For healthcare app developers operating in the US, compliance with HIPAA is mandatory. But HIPAA compliance is crucial for other reasons as well. Hospitals need to know that every new app they use is fully compliant, to maintain the hospital’s own compliance status, and to protect patient data across the care continuum. For health app investors, full compliance with HIPAA is a specific criterion to be achieved, but it’s also more than that. Investors need to know that data privacy and security are built into an app from the start of the development cycle, and aren’t just an afterthought. In short, good data governance reflects positively on an app and its developer, and can get your app funded and launched faster.

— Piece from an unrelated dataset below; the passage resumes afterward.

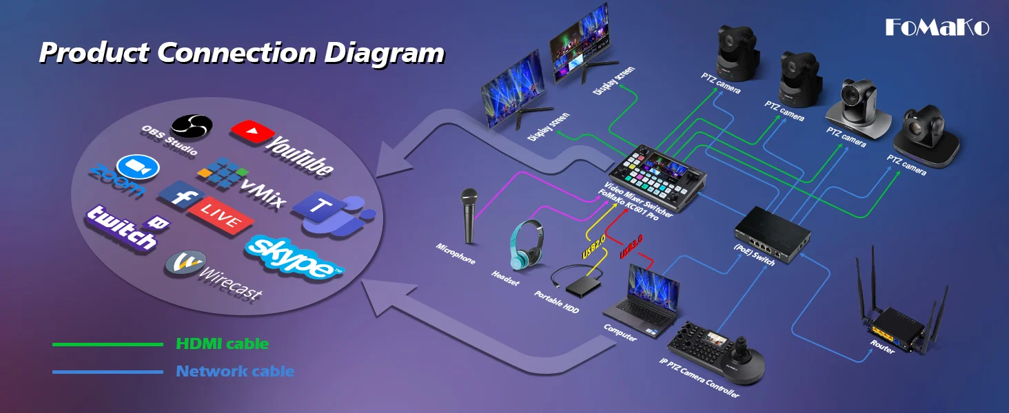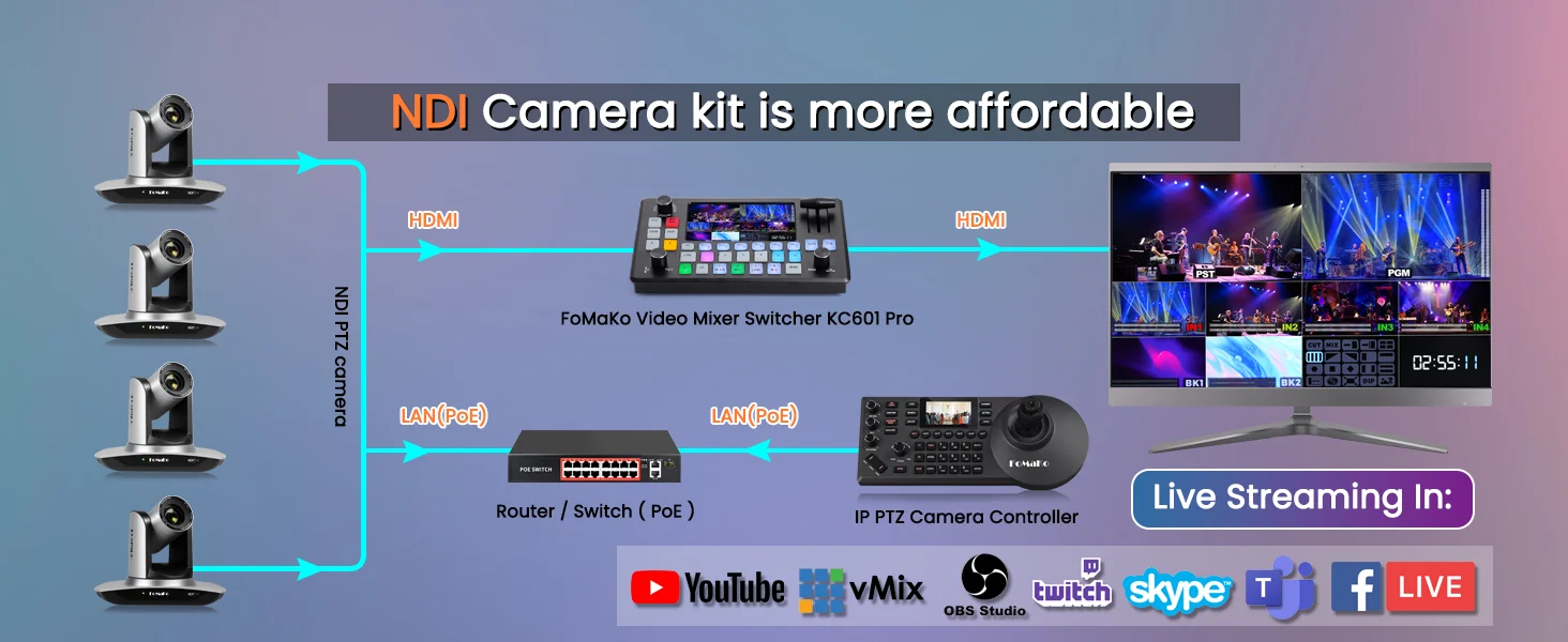FoMaKo NDI Camera AI Auto Tracking HDMI PTZ Camera 20x Optical Zoom(4pcs) +KC601 Video Mixer Switcher+ KC608N NDI PTZ Controller

Using Compliant Vendors Does NOT Make Your App HIPAA Compliant
Simply buying some servers, firewalls, storage devices and network cabling does not magically create a working network. To create a functioning network, components have to be assembled, connected, configured and tested. Of course, each component of a network is expected to be compliant with various standards, such as those from IEEE and Underwriters Laboratories. But not until all components are intelligently orchestrated is a working network created.
In this context, full HIPAA compliance resembles a functional network. Each of the separate components required for compliance (such as a vendor) must be compliant with HIPAA on its own. But not until the developer has assembled and intelligently configured those components does an actual state of HIPAA compliance exist. Simply using HIPAA-compliant vendors like AWS does not automatically make an app or a developer HIPAA compliant. There are processes, procedures, and documents outside of what most vendors do that must be developed, configured and tested to reach HIPAA compliance. Hospitals and investors understand this. As a developer, you should too.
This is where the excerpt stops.